**Available data:**
____
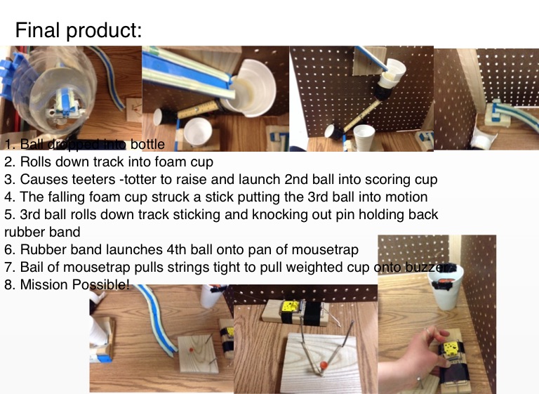 6. Rubber band launches 4th ball onto pan of mousetrap
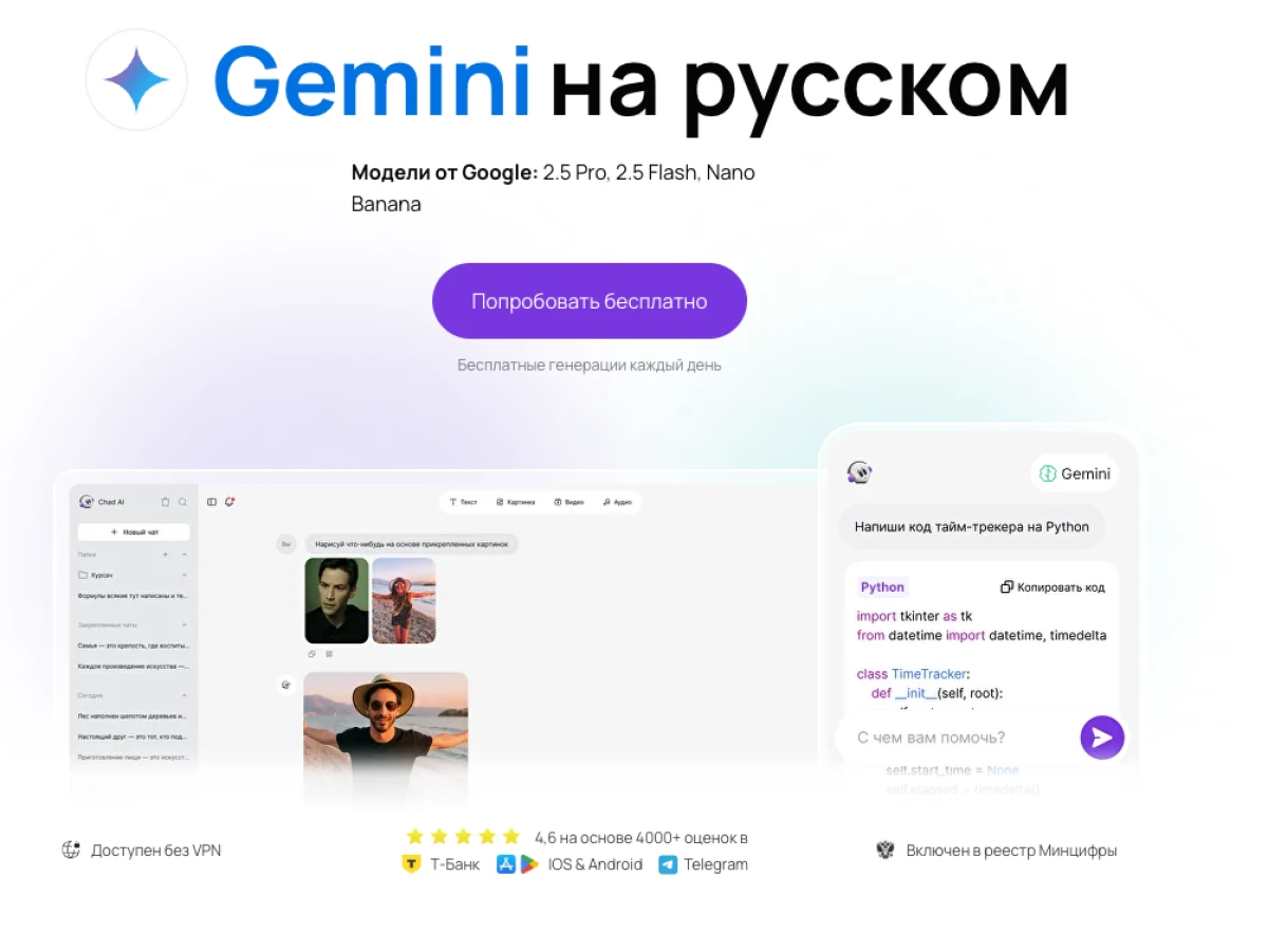 Для пользователей в Российской Федерации доступ к преимуществам Gemini актуален через проверенный сервис Chad. Этот российский портал открывает возможности популярных нейронных сетей и предлагает несколько тарифов, различающихся по количеству слов и набору функций. Чем выше стоимость тарифа, тем соответственно больше возможностей открывается для пользователя, большее число запросов и многое другое, о чем можно узнать на сайте портала.
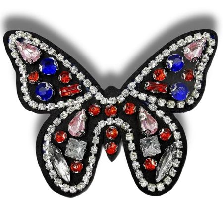applicazione termoadesiva interamente composta da pietre in vetro a forma di farfalla 6 cm x 7,5 cm.
____
Each line from the one containing "Для пользователей в" through the last line of the listing must be copied exactly, and the pictures must not be.

 Для пользователей в Российской Федерации доступ к преимуществам Gemini актуален через проверенный сервис Chad. Этот российский портал открывает возможности популярных нейронных сетей и предлагает несколько тарифов, различающихся по количеству слов и набору функций. Чем выше стоимость тарифа, тем соответственно больше возможностей открывается для пользователя, большее число запросов и многое другое, о чем можно узнать на сайте портала.
applicazione termoadesiva interamente composta da pietre in vetro a forma di farfalla 6 cm x 7,5 cm.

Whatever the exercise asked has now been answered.